SYNE2 Gene Emery-Dreifuss muscular dystrophy type 5 Genetic Test

Original price was: 5,600 د.إ.Current price is: 4,400 د.إ.

-21%

The SYNE2 Gene Emery-Dreifuss Muscular Dystrophy Type 5 Genetic Test is a specialized diagnostic procedure available at DNA Labs UAE, designed to detect mutations in the SYNE2 gene that are associated with Emery-Dreifuss Muscular Dystrophy (EDMD) type 5. This condition is a rare form of muscular dystrophy characterized by muscle weakness and wasting, joint contractures, and heart problems, which can vary in severity among affected individuals. The genetic test involves analyzing the patient’s DNA to identify mutations in the SYNE2 gene, which play a crucial role in the structural integrity and function of muscle and heart cells. Early detection through this test can aid in the management and treatment of the condition, potentially improving the quality of life for those affected.
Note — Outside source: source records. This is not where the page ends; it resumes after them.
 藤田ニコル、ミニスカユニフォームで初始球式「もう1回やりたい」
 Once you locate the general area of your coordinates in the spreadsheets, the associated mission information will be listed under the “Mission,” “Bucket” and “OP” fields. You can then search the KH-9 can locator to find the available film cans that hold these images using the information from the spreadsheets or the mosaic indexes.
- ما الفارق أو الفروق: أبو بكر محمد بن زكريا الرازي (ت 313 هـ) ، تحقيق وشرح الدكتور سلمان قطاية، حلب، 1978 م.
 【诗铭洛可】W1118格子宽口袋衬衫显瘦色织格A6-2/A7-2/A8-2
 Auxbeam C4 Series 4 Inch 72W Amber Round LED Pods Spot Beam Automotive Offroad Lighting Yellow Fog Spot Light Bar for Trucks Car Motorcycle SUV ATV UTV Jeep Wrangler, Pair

The test is priced at 4400 AED and is conducted with high precision and confidentiality at DNA Labs UAE, ensuring patients receive accurate and timely results.

Home  Sample collection service available

  • 100% accuaret Test Results
  • Ranked as Most trusted Genetic DNA Lab
  • This test is not intended for medical diagnosis or treatment
Guaranteed Safe Checkout

SYNE2 Gene Emery-Dreifuss Muscular Dystrophy Type 5 Genetic Test

Are you concerned about Emery-Dreifuss muscular dystrophy type 5? DNA Labs UAE offers a comprehensive genetic test to help diagnose this rare genetic disorder. Our SYNE2 Gene Emery-Dreifuss Muscular Dystrophy Type 5 Genetic Test can provide valuable insights into the condition and aid in the development of effective treatment plans.

Test Components and Price

The SYNE2 Gene Emery-Dreifuss Muscular Dystrophy Type 5 Genetic Test is priced at AED 4400.0. The test requires a blood sample or extracted DNA, or even just one drop of blood on an FTA card. Our expert team utilizes NGS technology to analyze the genetic material and identify any mutations in the SYNE2 gene.
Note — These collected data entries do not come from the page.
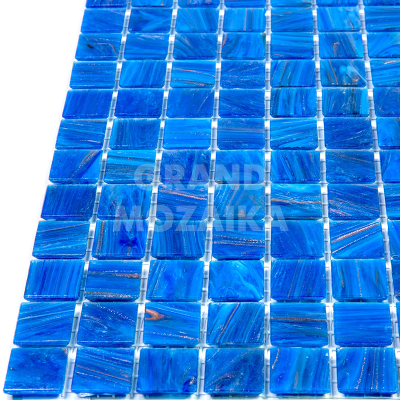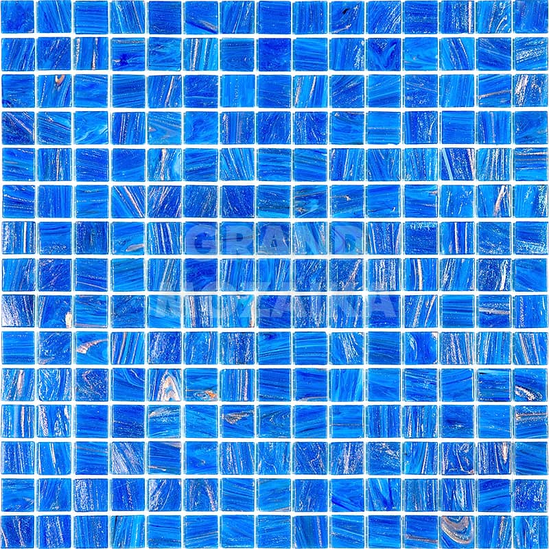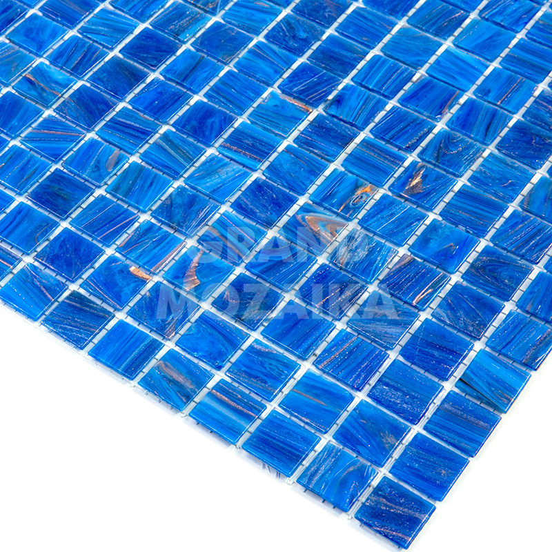 Мозаика для бассейнов серии Stella собрана из кусочков размером 20х20 мм. Каждый кусочек ярко-голубого цвета не похож на соседний своим необычным размытым рисунком, напоминающим натуральный камень. Полотно размером 327х327 мм легко в укладке и не требует особых навыков.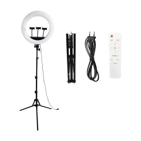 Le trépied RL 18 est simple d'utilisation, ajustez votre trépied professionnel avec anneau lumineux jusqu'à 2m de haut. Ensuite branchez le n'importe où, grâce à son câble d'alimentation de 2 mètres de long. installez votre ou vos smartphones sur un des 3 supports. Choisissez la couleur de la lumière (réglable en continu) et l'intensité de la lumière (réglable en continu) grâce à sa télécommande, vous pouvez aussi choisir l'orientation de la lampe (rotation à 180°). Il ne vous reste plus qu'à prendre la télécommande Bluetooth et prendre la pose (jusqu'à 10m de distance) pour réaliser votre selfie (ou vidéo).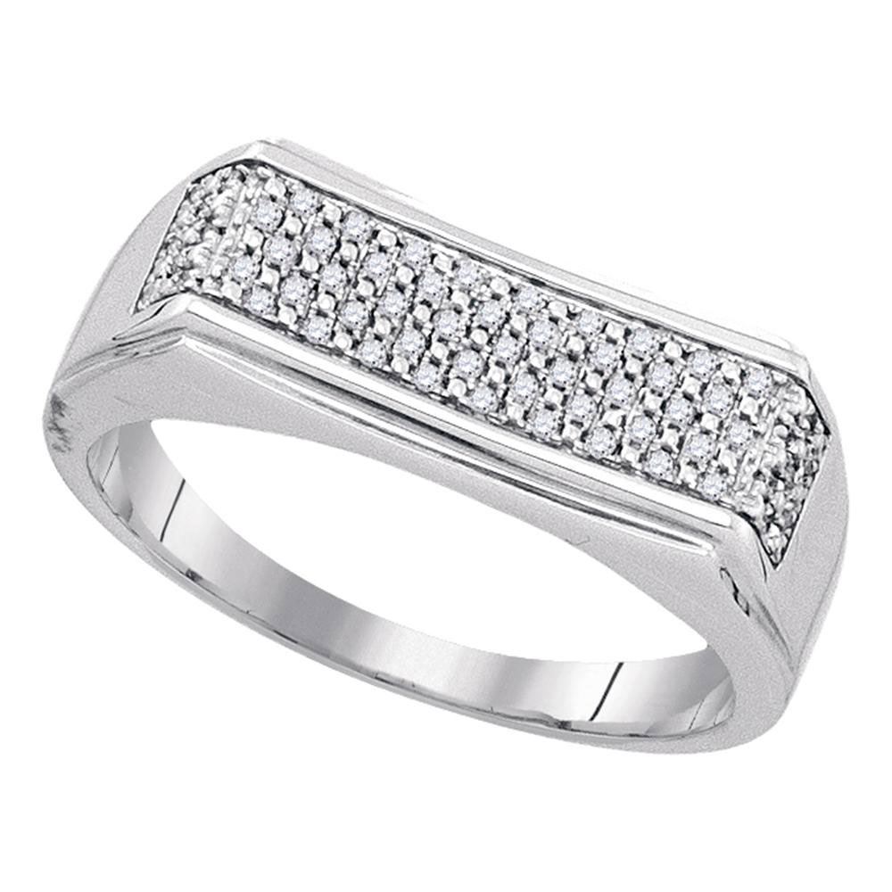 Sterling Silver Mens Round Diamond Rectangle Band Ring 1/6 Cttw

Report Delivery and Method

Once the sample is collected, the report will be delivered within 3 to 4 weeks. Our advanced NGS technology ensures accurate and reliable results.

Test Type and Doctor

The SYNE2 Gene Emery-Dreifuss Muscular Dystrophy Type 5 Genetic Test falls under the category of neurological disorders. It is recommended to consult a neurologist for this test, as they specialize in diagnosing and treating such conditions.

Test Department and Pre-Test Information

The SYNE2 Gene Emery-Dreifuss Muscular Dystrophy Type 5 Genetic Test is conducted by our Genetics department. Before undergoing the test, it is essential to provide the clinical history of the patient. Additionally, a genetic counseling session will be conducted to draw a pedigree chart of family members affected by SYNE2 Gene Emery-Dreifuss Muscular Dystrophy Type 5.
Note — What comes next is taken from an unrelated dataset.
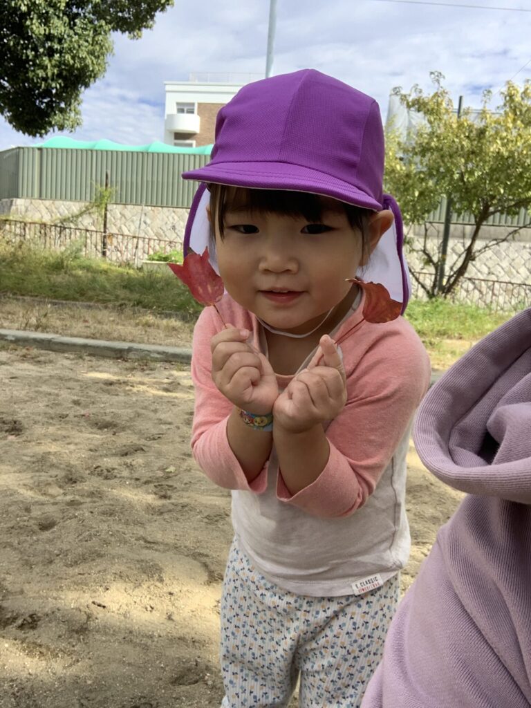 公園で赤やオレンジ、黄色の葉っぱやどんぐりを集めて遊ぶ姿が見られるようになりました☺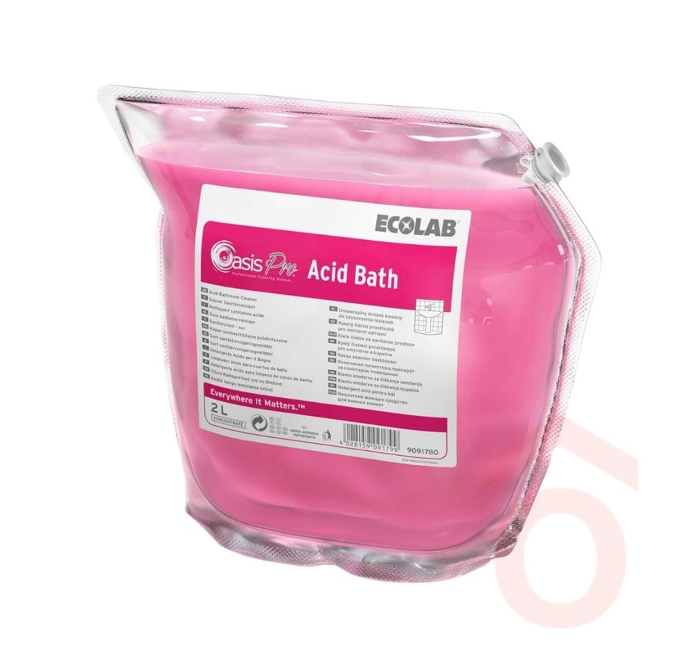 Az Oasis Pro Acid Bath egy koncentrált, savas fürdőszobai tisztítószer, amely hatékonyan távolítja el a vízkövet és más fürdőszobai szennyeződéseket. Ideális választás minden saválló felülethez, például porcelánhoz, kerámiához vagy krómozott szerelvényekhez.

About Emery-Dreifuss Muscular Dystrophy Type 5

Emery-Dreifuss muscular dystrophy type 5 is a rare genetic disorder that primarily affects muscle and joint function. The SYNE2 gene is associated with this condition. Genetic testing using NGS technology can help identify any mutations in the SYNE2 gene, enabling a definitive diagnosis. This diagnosis is crucial for developing effective treatment plans and providing genetic counseling to affected individuals and their families.

Test Name SYNE2 Gene Emery-Dreifuss muscular dystrophy type 5 Genetic Test
Components
Price 4400.0 AED
Sample Condition Blood or Extracted DNA or One drop Blood on FTA Card o
Report Delivery 3 to 4 Weeks
Method NGS Technology
Test type Neurological Disorders
Doctor Neurologist
Test Department: Genetics
Pre Test Information Clinical History of Patient who is going for SYNE2 Gene Emery-Dreifuss muscular dystrophy type 5 NGS Genetic DNA Test A Genetic Counselling session to draw a pedigree chart of family members affected with SYNE2 Gene Emery-Dreifuss muscular dystrophy type 5
Test Details

The SYNE2 gene is associated with Emery-Dreifuss muscular dystrophy type 5, a rare genetic disorder that affects muscle and joint function. NGS (next-generation sequencing) genetic testing can be used to identify mutations in the SYNE2 gene that may be responsible for the disorder. This type of testing can provide a definitive diagnosis, which can be helpful for developing treatment plans and providing genetic counseling for affected individuals and their families.